I was disappointed when the Blade didn’t publish my response to a personal attack on me in a column by Hayden Gise, in last week’s print edition. They did publish it online. To be clear, I have no problem with people disagreeing with my columns and opinions. That is absolutely fair. But when they get into personal attacks, it often means they don’t have enough to say about the ideas they are trying to criticize.
In a recent column ‘Why the Democratic Socialists of America are right for D.C.,’ the author decided to attack me personally. Here is the response I wrote to her column:
“I am responding to a column by Hayden Gise who says in her column she is a transgender, lesbian, Jewish, Democratic Socialist, and supports having the Democratic Socialists of America (DSA) in Washington, DC. She is definitely as entitled to her view on this, as I am to mine. However, I was surprised she clearly felt it important to use the column to attack me personally, without even knowing me. What she didn’t do is respond to the issues in the DSA platform I wrote having a problem with, and which I asked candidates endorsed by the DSA to respond to. 1. Are they for the abolishment of the State of Israel? 2. What is their definition of a Zionist? 3. What is their definition of antisemitism? 4. Will they meet with Zionist organizations? 5. Do they support BDS? One needs to know when a candidate claims they are only a member of the local DSA, according to the DSA bylaws no person can be a member of a local DSA without being a member of the national organization. So Hayden Gise has a little better idea of who I am she should know: I was a teacher and a union member. I worked for the most progressive member of Congress at the time, Bella S. Abzug (D-N.Y.), and supported her when she introduced the Equality Act in 1974, to protect the rights of the LGBTQ community, and have fought for its passage ever since. I have spent a lifetime fighting for civil rights, women’s rights, disability rights, and LGBTQ rights. I have no idea what Hayden Gise’s background is, or what her history of working for the causes she espouses is. But I would be happy to meet with her to find out. But she should know, I take a back seat to no one in the work I have done over my life fighting for equality, including economic equality, for all. So, I will not attack her, as I don’t know her, and contrary to her, don’t personally attack people I don’t know much about.

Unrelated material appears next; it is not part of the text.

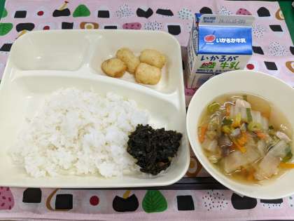 11月11日(月)の給食は「いかてんぷら、五目汁、のりのつくだ煮、ごはん、牛乳」です。

“I have, and will continue to attack, what the government of Israel is doing to the Palestinian people, and now to those in Lebanon and Iran. I will also attack the government of my own country, and the felon in the White House, and his sycophants in Congress, for what they are doing to our own people, and people around the world, and will continue to work hard to change things. However, I will also continue to stand for a two-state solution with the continued existence of the State of Israel, calling for a different government in Israel. I also strongly support the Palestinian people and believe they must have the right to their own free state.”

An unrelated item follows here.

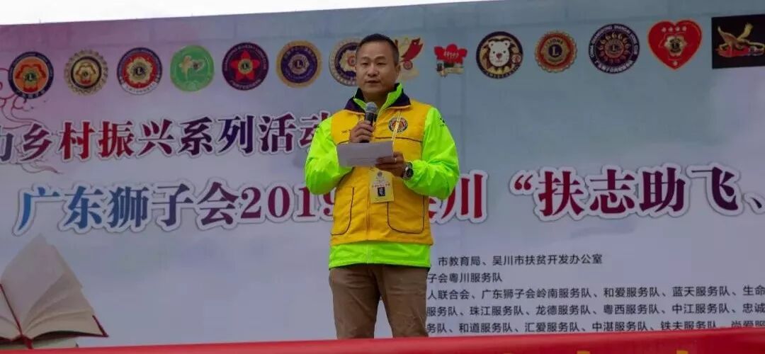 2019年12月21日,助力乡村振兴系列活动之广东狮子会2019年吴川“扶志助飞、拥抱未来”大型联合服务活动在吴川市顺利举行。本次活动由广东狮子会粤川服务队主办,岭南、珠江、红棉、蓝天、生命之光、北部湾、中江、龙德、汇爱、粤西、铁夫、忠诚、隆都、粤龙、中茂、和爱、和道、中湛、尚爱等服务队共同参与,活动共投入服务经费25万余元,为150名贫困学子提供资助。 吴川市副市长庞观保、本次活动大会主席王华波狮兄、广东狮子会湛江代表处筹建小组主任邓举龙狮兄等领导、会员出席本次活动。仪式上,吴川市副市长庞观保赞扬了广东狮子会各服务队无私奉献、助人为乐的大爱精神,希望受资助的学生们永怀一颗感恩的心,学好知识、练好本领,争取早日成材,回报国家和社会。 吴川市副市长庞观保 大会主席王华波狮兄

I have not heard from Gise, but I hope she knows that since she wrote her column indicating her support for Janeese Lewis George for mayor, her preferred candidate has attended a birthday party to celebrate a person who still refers to gay people as ‘fags.’
We should not personally attack people we don’t know as a way to criticize their views on an issue. Once again, I have no problem with people disagreeing with what I write, and having the Blade publish those contrary columns. But a plea to all who disagree with any columnist, or story: disagree with the issues and refrain from making personal attacks on the writer. That actually takes away from whatever point you are trying to make.
Peter Rosenstein is a longtime LGBTQ rights and Democratic Party activist.